If you don't already have an owners manual you should get one.   You can order one from Logan :  http://store.lathe.com/pl-06.html



> I am a little concerned about powering it up the gears in the QCGB stick at some points



Before you run the motor you should try turning everything by hand first.  If you mean that the QCGB gears may not initially engage, that is normal.  You may need to rotate the spindle by hand a bit to get the gears to align.  I was taught that you should never change the QCGB gears or the tumbler reverse under power.   

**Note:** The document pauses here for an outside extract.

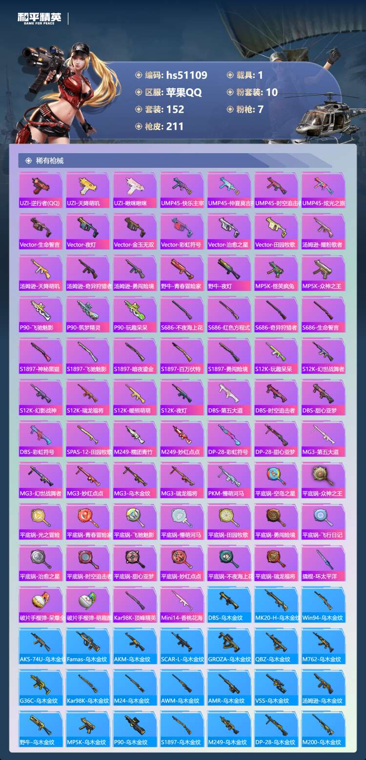 苹果手Q-10王牌印记-有战神框-10粉装-7特效枪-1载具-68641热力值-152套装-211枪

Below is the page from the parts manual showing the reverse tumbler:


----------



## GarageGuy (Jun 3, 2014)

Your QCGB should turn smoothly and easily by hand, or something is wrong.  A galled shaft, damaged bushing, or missing teeth can cause damage to other good parts.  The headshaft on my 820 was "cogging" when I got it because the grease in the main bearing was so old, so I pulled the shaft and bearing, cleaned it all out, and repacked with new grease.  Now it's smooth and quiet.  I understand wanting to get up and running quickly, but take enough time to make sure your machine is right, or you can hurt it worse.  If you need help, be sure to ask.  I learned way more about mine than I expected to.  Good luck!

GG


----------



## joebiplane (Jul 22, 2014)

cadusis said:


> _HELLO
> A few weeks ago after some quick deliberation I decided I needed a lathe in my shop (basement )
> i look at new one the ones a liked cost as much as a car the one in my budget all had plastic gears so a found a nice used one that my  secretary's husband had for sale it worked I checked out similar on ebay and the price was better then fare $650. I got it home and started reassembling it . I am not doing a total  rebuild I just want it to work well . I had to put the QCGB together and attach it to the lathe . I got it on there and started to put some grease on the gears and the reverse tumbler bracket handle bakes off . one is on the way from ebay . I am a little concerned about powering it up the gears in the QCGB stick at some points . also the reverse tumbler bracket handle I have and the one I purchased have a locking mechanism the pics posted of the same type lathe have I single piece handle .
> can anyone help me . would like to get this working soon
> ...



John,

It is July and I wondered how you are making out with your logan....  I may be in that neck of the woods soon and would be happy to look at it for you.
I was friends wit ATTY Harry Smith in Moscow,  15 years ago  and his Son David was working with harry at that time.  wondering if david is still there or if he went to Florida.
If I can help you I would be happy to do it

Joe


----------